» **PROBLEM TO SOLVE**: Using the entries that follow, write out the line containing "NYLINT FIRE TRUCK, FISHER", the line containing "Posterlounge   Wandbilder", and every line between them, exactly and nothing else.

╭─ RECORDS PROVIDED

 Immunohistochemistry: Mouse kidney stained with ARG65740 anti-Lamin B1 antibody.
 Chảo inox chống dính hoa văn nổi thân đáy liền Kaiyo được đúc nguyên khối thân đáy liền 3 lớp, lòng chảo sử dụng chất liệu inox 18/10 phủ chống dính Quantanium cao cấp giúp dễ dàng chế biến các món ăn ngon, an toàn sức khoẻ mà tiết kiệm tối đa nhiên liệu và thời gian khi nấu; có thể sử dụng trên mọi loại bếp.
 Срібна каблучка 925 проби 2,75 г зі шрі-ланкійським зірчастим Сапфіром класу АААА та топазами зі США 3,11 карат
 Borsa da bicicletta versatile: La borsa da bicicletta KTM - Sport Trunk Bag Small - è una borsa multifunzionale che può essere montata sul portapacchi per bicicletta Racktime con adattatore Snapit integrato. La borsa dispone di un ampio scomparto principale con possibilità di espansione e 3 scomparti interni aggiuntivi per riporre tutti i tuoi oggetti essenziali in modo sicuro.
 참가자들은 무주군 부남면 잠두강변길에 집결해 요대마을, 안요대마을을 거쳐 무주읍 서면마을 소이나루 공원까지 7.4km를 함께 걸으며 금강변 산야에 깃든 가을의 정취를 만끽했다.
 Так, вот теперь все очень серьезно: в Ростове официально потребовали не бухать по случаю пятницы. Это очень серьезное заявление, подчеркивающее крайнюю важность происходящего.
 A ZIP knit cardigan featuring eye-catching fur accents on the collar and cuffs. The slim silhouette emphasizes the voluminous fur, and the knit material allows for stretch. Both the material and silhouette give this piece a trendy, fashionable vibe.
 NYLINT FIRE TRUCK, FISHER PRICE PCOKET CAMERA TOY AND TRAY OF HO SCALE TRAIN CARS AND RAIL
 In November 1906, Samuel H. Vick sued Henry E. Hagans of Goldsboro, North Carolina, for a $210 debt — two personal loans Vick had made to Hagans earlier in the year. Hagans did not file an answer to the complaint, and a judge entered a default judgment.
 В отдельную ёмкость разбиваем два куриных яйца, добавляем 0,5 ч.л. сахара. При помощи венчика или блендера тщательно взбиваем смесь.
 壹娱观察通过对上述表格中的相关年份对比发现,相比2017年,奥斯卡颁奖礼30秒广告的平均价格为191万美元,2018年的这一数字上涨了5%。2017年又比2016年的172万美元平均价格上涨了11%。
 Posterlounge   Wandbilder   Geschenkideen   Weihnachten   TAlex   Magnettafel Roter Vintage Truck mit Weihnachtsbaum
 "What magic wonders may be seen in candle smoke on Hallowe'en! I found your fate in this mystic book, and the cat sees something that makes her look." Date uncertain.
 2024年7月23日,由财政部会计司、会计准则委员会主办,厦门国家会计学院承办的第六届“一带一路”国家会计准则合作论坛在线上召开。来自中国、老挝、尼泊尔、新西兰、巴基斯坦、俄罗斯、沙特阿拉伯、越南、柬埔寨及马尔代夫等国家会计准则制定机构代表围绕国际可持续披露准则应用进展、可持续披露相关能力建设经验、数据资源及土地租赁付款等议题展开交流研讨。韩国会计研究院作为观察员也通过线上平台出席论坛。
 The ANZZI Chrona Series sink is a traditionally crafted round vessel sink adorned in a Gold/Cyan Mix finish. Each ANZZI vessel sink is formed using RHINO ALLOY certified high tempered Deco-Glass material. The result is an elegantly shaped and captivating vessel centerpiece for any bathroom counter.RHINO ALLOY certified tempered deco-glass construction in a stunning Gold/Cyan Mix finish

╰─

» **SOLUTION FOR THIS TASK**:
 NYLINT FIRE TRUCK, FISHER PRICE PCOKET CAMERA TOY AND TRAY OF HO SCALE TRAIN CARS AND RAIL
 In November 1906, Samuel H. Vick sued Henry E. Hagans of Goldsboro, North Carolina, for a $210 debt — two personal loans Vick had made to Hagans earlier in the year. Hagans did not file an answer to the complaint, and a judge entered a default judgment.
 В отдельную ёмкость разбиваем два куриных яйца, добавляем 0,5 ч.л. сахара. При помощи венчика или блендера тщательно взбиваем смесь.
 壹娱观察通过对上述表格中的相关年份对比发现,相比2017年,奥斯卡颁奖礼30秒广告的平均价格为191万美元,2018年的这一数字上涨了5%。2017年又比2016年的172万美元平均价格上涨了11%。
 Posterlounge   Wandbilder   Geschenkideen   Weihnachten   TAlex   Magnettafel Roter Vintage Truck mit Weihnachtsbaum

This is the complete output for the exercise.